In "Game of Thrones," as Daenerys raged, Juno-like, in the clouds above, it was left to a young man to try to impose some order. In a key moment, we witnessed one of Daenerys' own soldiers attempting the rape of a poor civilian woman. In the first season, Daenerys would have stopped him -- this time, it was Jon Snow who stepped in. In the final iteration of "Game of Thrones," even when there's a rape, it's a woman's fault.

Or, in the case of Sansa Stark, as we learned just before Missandei's death, it's a useful character-building device for which the raped woman will one day look back in gratitude. Yep, that really happened in Episode Four.

Yet does any of this change the fact that millions of us have loved this show for years? I've written before about hating the last season's treatment of female characters -- it hasn't stopped me waking up early each Monday in the UK to catch the latest installment. If losing a television show we love is like experiencing grief, then let's do what we do to process any other form of grief: focus on remembering the good times.

The contemporary web is rich in opportunities for fans to reclaim their fantasy worlds. Within a couple of weeks, I'm sure, fan-fiction websites will be replete with alternative endings -- and why not? I was furious when Jaime Lannister slept with Brienne of Tarth and dumped her, making a fool of her just as the first boys in her youth had notoriously made a fool of her. (Again, Benioff and Weiss love to bring down their strongest women.) So, in my fantasy universe, it simply didn't happen. I might not go as far as writing fan-fiction, but let's be honest -- we all write it in our heads.

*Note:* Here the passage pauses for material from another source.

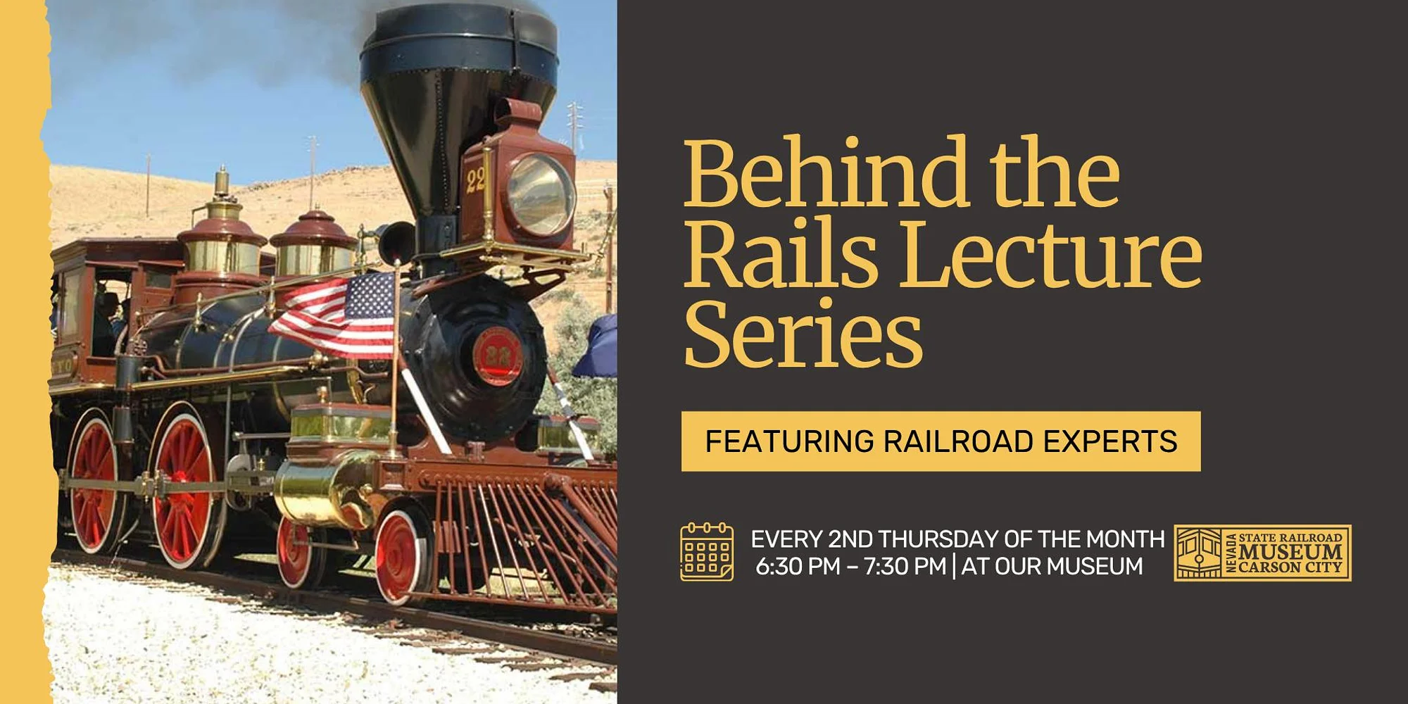 Join us every second Thursday of the month for our Behind the Rails Lecture Series featuring experts in all things railroad. Admission is $10 for adults, members and children under 17 are free. Behind the Rails

Fortunately, this rackety final season has left plenty of gaps for the rest of us to flesh out. Once, "Game of Thrones" was built on its eye for geographical, political and logistical detail. Now, whole storylines are condensed into a couple of seconds of dialogue. In a recent episode, Daenerys mentioned that a new prince had taken over the region of Dorne and pledged his support. That once would have been three episodes' worth of subplot. It's a mark of the show's decline, but it's good for volumes of alternative fan history. And in my version, Tyrion Lannister will still have a brain.

The true legacy of "Game of Thrones" may be as a cautionary lesson for other producers. Benioff and Weiss built the world's biggest television franchise and screwed it up. But their best ideas may inspire more great shows. It can't be long before another show is brave enough to kill off its lead in a surprise first season.

In the meantime, there's nothing as fun as the self-righteousness of telling our friends how it should have ended. Isn't that what the backlash is really all about? And would we ever have been this invested, if "Game of Thrones" hadn't first built a world for us to love?